**What you should do**:
Below are the entries. Transcribe exactly the lines from the one with "Embark on a" through the one with "博飛美科的N,O-雙(三甲基硅)三氟乙酰胺(含三甲基氯硅烷),99% BSTFA +", ends included, and leave out all others.

**Given information**:
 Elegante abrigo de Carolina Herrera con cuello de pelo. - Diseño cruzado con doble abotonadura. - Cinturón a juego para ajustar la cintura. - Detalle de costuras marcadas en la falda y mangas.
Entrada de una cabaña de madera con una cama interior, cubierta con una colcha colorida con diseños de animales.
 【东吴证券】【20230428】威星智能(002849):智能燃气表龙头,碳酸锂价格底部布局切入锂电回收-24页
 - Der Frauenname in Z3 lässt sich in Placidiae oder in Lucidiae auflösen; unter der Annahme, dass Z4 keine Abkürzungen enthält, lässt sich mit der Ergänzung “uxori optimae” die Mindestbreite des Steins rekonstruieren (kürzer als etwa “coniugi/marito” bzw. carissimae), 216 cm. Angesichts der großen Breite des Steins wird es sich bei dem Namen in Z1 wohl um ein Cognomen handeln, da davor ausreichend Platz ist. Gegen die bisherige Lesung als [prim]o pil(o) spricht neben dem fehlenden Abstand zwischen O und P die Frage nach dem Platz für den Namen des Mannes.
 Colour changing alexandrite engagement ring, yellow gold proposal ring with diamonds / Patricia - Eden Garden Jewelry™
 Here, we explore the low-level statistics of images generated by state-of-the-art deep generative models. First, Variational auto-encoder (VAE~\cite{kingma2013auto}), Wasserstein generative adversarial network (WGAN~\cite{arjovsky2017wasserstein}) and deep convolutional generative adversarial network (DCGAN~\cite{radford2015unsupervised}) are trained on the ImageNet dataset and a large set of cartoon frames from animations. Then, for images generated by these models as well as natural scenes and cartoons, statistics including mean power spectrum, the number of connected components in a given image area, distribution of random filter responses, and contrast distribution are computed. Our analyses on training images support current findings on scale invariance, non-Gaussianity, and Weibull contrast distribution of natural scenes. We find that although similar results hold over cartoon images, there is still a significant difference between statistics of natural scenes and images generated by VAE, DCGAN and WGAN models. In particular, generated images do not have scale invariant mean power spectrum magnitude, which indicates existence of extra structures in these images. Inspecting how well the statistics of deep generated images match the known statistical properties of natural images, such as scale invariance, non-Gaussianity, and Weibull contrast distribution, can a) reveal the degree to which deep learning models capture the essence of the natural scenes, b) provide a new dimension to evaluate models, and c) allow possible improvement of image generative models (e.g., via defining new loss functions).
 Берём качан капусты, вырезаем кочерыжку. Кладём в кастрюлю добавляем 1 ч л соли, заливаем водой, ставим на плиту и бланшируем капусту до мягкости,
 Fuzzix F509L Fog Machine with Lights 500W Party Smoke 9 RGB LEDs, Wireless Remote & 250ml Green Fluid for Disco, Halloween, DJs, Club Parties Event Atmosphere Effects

---

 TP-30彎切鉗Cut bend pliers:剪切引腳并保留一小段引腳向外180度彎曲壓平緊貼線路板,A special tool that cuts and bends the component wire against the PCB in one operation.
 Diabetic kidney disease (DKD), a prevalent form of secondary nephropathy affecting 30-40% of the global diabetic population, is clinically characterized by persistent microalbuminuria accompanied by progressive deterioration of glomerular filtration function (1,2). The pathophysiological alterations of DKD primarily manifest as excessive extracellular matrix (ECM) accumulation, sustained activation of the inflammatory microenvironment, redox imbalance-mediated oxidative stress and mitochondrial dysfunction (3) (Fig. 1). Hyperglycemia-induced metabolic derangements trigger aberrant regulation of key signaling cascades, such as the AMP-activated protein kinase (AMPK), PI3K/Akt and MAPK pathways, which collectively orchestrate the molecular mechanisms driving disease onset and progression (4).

...

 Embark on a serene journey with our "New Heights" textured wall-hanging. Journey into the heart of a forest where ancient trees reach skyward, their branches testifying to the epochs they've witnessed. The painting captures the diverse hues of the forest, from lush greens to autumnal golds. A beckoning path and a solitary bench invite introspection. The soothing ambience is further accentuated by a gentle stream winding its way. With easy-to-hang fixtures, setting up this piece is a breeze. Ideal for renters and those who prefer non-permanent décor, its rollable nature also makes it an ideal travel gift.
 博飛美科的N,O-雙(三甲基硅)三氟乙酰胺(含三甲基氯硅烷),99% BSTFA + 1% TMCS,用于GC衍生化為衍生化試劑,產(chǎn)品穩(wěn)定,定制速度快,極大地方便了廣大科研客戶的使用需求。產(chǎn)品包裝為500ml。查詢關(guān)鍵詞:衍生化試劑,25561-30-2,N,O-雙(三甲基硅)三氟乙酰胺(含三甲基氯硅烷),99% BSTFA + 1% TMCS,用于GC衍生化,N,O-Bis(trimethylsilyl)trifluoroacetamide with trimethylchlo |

**Answer box**:
 Embark on a serene journey with our "New Heights" textured wall-hanging. Journey into the heart of a forest where ancient trees reach skyward, their branches testifying to the epochs they've witnessed. The painting captures the diverse hues of the forest, from lush greens to autumnal golds. A beckoning path and a solitary bench invite introspection. The soothing ambience is further accentuated by a gentle stream winding its way. With easy-to-hang fixtures, setting up this piece is a breeze. Ideal for renters and those who prefer non-permanent décor, its rollable nature also makes it an ideal travel gift.
 博飛美科的N,O-雙(三甲基硅)三氟乙酰胺(含三甲基氯硅烷),99% BSTFA + 1% TMCS,用于GC衍生化為衍生化試劑,產(chǎn)品穩(wěn)定,定制速度快,極大地方便了廣大科研客戶的使用需求。產(chǎn)品包裝為500ml。查詢關(guān)鍵詞:衍生化試劑,25561-30-2,N,O-雙(三甲基硅)三氟乙酰胺(含三甲基氯硅烷),99% BSTFA + 1% TMCS,用于GC衍生化,N,O-Bis(trimethylsilyl)trifluoroacetamide with trimethylchlo |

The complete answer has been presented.